A buffer overflow alone is not enough to take over a computer.
It must be in a program that would send the overflow to a location
that would enable it to run a command to create a shell with
root privileges. Then an exploit program must be run that will
pour into that buffer the exact number of bits needed to insert
these instructions, which may be in assembly language, into the
right memory location.
Assembly languages are the commands that the central processing
units (CPU) of computers understand. Because there are many different
kinds of CPUs (SPARCs for Suns, MIPS for SGIs etc.), you may
have to make sure the exploit you want to run will work on that
kind of CPU.
**********************************************************
Wizard tip: Do you want to become an Uberhacker? Do you want
to become one of those almost mythological beings who are said
to flow through cyberspace as if there were no walls? Write your
own buffer overflow exploits! For a detailed explanation of how
to search for these security holes and design code to exploit
them, see "Smashing the Stack,"
by Aleph One.Better yet, don't write buffer overflow exploits.
As my secret super hacker friend says, "Overflows have become
annoying. Since the screen exploit for
Linux (almost 3 years ago) that's most of what's been coming
out. It's boring! It's the same damn bug over and over again.
WE GET THE POINT ALREADY! Seriously, if someone came up with
three overflow bugs and someone else came up with 1 on-overflow
root exploit, I'd have more respect for the second person."
**********************************************************
It can be embarrassing, however, if you are the programmer
who writes software that someone else uses to create a buffer
overflow exploit. How can you learn to write C code that avoids
this nasty problem? Aleph One <aleph1@DFW.NET>, who runs
the Bugtraq computer security list, has come up with a list of
references for those of us who want to learn how to write secure
C code. (Our apologies if these links go out of date.)

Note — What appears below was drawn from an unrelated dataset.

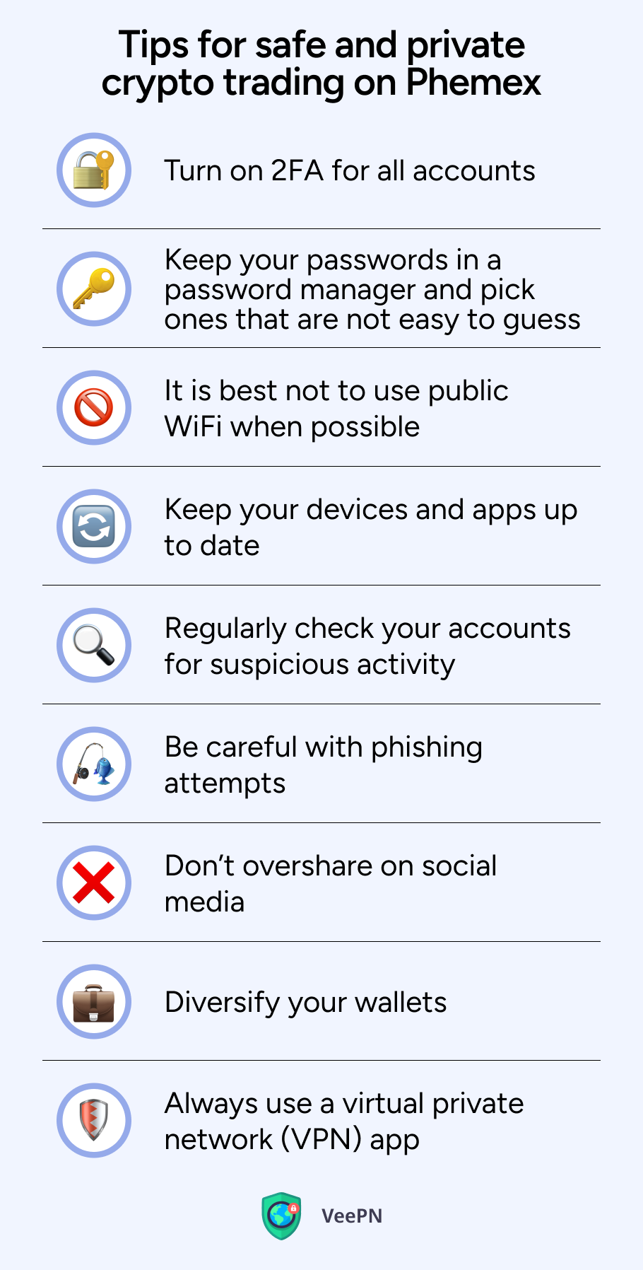 🤩避免帐户锁定和服务封锁。如果 Phemex 检测到来自受限区域的访问,则可以暂停或阻止帐户。始终使用 VPN 有助于防止这种检测,因此您可以不间断地访问您的帐户和资金。
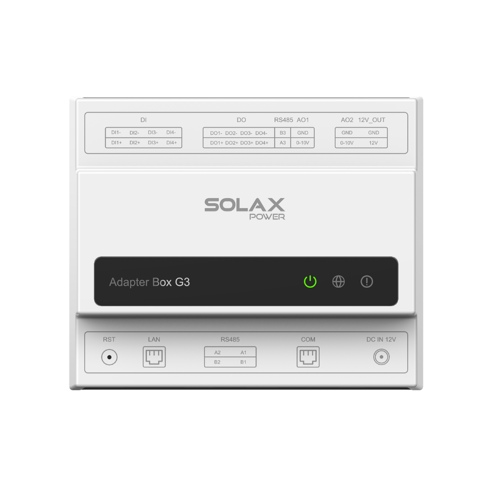 The SolaX Adapter BoX G3 is a compact smart load manager with DIN rail design for easy installation. It supports WiFi and LAN connectivity, external control access, and a clean layout suited for use.

http://www.sun.com/sunworldonline/swol-04-1998/swol-04-unixsecurity.html
http://www.sun.com/sunworldonline/swol-04-1998/swol-04-security.html
http://www.homeport.org/~adam/review.html
http://olympus.cs.ucdavis.edu/~bishop/secprog.html
http://www.research.att.com/~smb/talks/odds.[ps|pdf]
http://www.pobox.com/~kragen/security-holes.txt
Chapter 22 in the book Practical UNIX & Internet Security
by Simson Garfinkel, Gene Spafford (O'Reilly & Associates,
1996) is called "Writing Secure SUID and Network Programs".
Writing Solid Code: Microsoft's Techniques for Developing Bug-Free
C Programs, by Steve Maguire, (Microsoft Press, 1993). The book
focuses on writing bug-free software.
Take the SANS course "Writing Secure Programs," taught
by Matt Bishop.
http://www.sans.org
Conclusion
Honest, C programming really is easy and fun. You just have
to have the ability to look at it as an adventure when your !@#$@##$%
program doesn't compile! Joker can tell you that's true, right,
Joker?:^)
**********************************************************
You can go to jail warning: It is illegal to break into a computer
even if you do no harm. The only Uberhackers I know of are so
talented, and also so careful to do no harm, that only another
Uberhacker would ever know one had broken into a computer. But
if you are reading this to find out how to break into computers,
you probably aren't good enough to keep from getting caught.
Leshka's sendmail exploit program only does a tiny bit of cleanup,
so you still are likely to get caught if you run it against a
computer whose owner has not given you permission to break in.
You also are likely to accidentally do damage while root on the
victim computer. Do this to your own computer so you are the
one who has to figure out what you did as root, OK?